The monies allocated to the big departments of Health and Education by the Finance Minister, Sinn Féin’s Caoimhe Archibald, were always going to prove fertile ground for those parties who stand to benefit most electorally from another round of Stormont infighting and dysfunction. Throw in the devilishly complicating factor of the differing attitudes of two big-name ministers to the twin demands of Stormont and Westminster and we have a complex electoral crossover that’s ripe for exploitation.

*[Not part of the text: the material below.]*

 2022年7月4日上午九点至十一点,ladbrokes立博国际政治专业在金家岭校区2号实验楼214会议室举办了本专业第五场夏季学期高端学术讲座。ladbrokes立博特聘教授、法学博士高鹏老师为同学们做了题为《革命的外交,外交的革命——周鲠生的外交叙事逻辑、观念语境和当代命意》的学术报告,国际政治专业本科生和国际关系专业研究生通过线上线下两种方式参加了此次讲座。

Health Minister Robin Swann announced some time ago that he would be stepping down from the helm of the Executive’s most challenging and most important department to concentrate on his run for the Westminster seat of South Antrim, which his party, the UUP, has identified as a key target in its effort to rebuild its electoral credibility. And that has come to pass with his colleague, Mike Nesbitt, stepping into his shoes.

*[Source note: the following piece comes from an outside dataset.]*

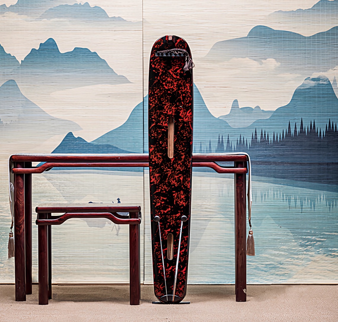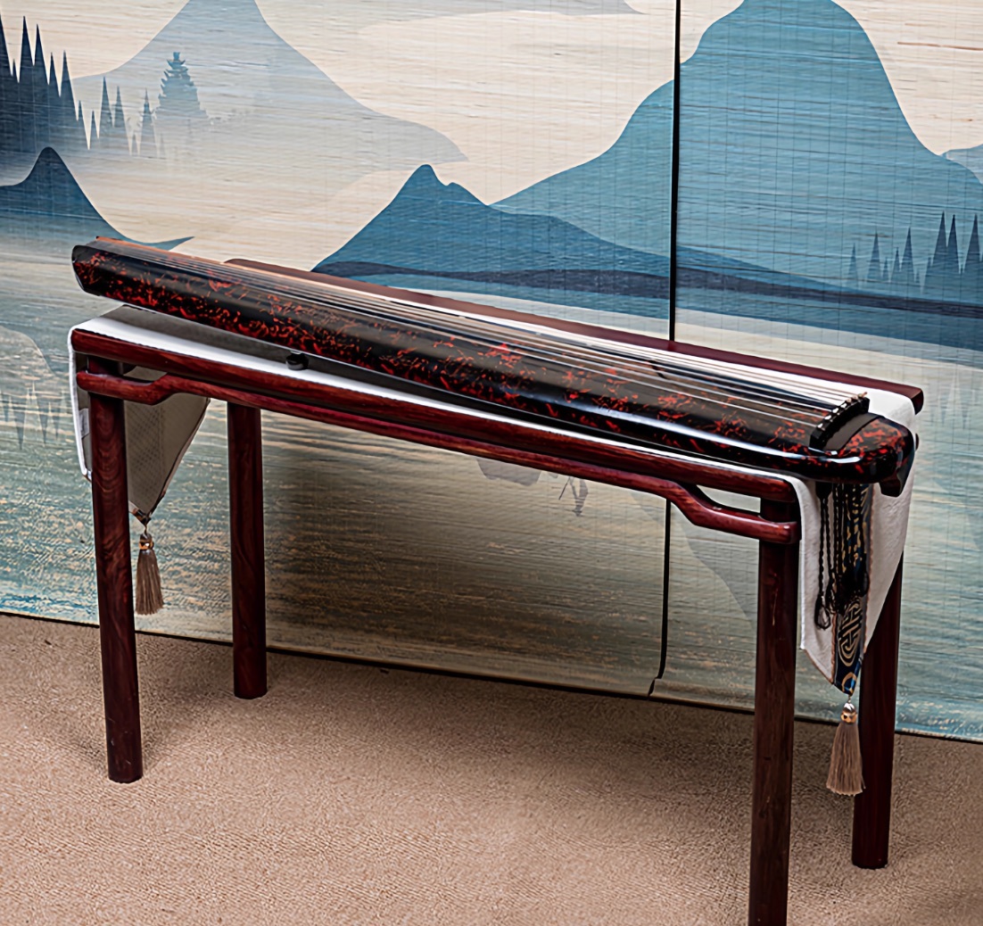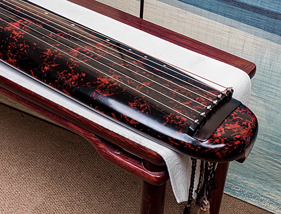 - Guqin Chaotic style Cinnabar red Old cedar wood Chinese string instruments

Mr Swann received a torrent of criticism for his decision, ironically because he’s perhaps the most popular and effective Minister in the Executive and his decision was seen as a blow to the stability of the institutions when stability was never more needed.

Justice Minister Naomi Long, meanwhile, announced at the weekend that she would, as expected, be taking on DUP interim leader Gavin Robinson in a Westminster clash of the titans in East Belfast. But the Alliance leader is staying in-post at Justice because she feels she’ll be able to focus on her department while engaged in the biggest, most demanding and most important political battle of her career. 

This is quite plainly nonsense on stilts. If Mrs Long is to take the seat, it will require an effort of gargantuan proportions on her part – and that effort cannot be undertaken by her team because, quite simply, it is Mrs Long’s huge personal popularity in East Belfast that has brought the party to within striking distance of the DUP in its former fortress, and it is only through a gruelling ground campaign that involves countless personal appearances that she’s going to be able to pull off the win.

If she fails because she was unable to devote that time and energy to the campaign trail because of the extraordinarily complex demands of her job, then she will have damaged her party and handed the DUP a huge fillip at a time when things have seldom looked gloomier for the largest unionist party. If she wins, then packs in the Health gig and flies off to Westminster, she will have sent an unmistakable message to the electorate about where her priorities – and those of her party – lie.

There can be no winners in this spat about the new budget. The truth is that no matter how the budget looked it would still have caused division and no winners would have emerged – only losers.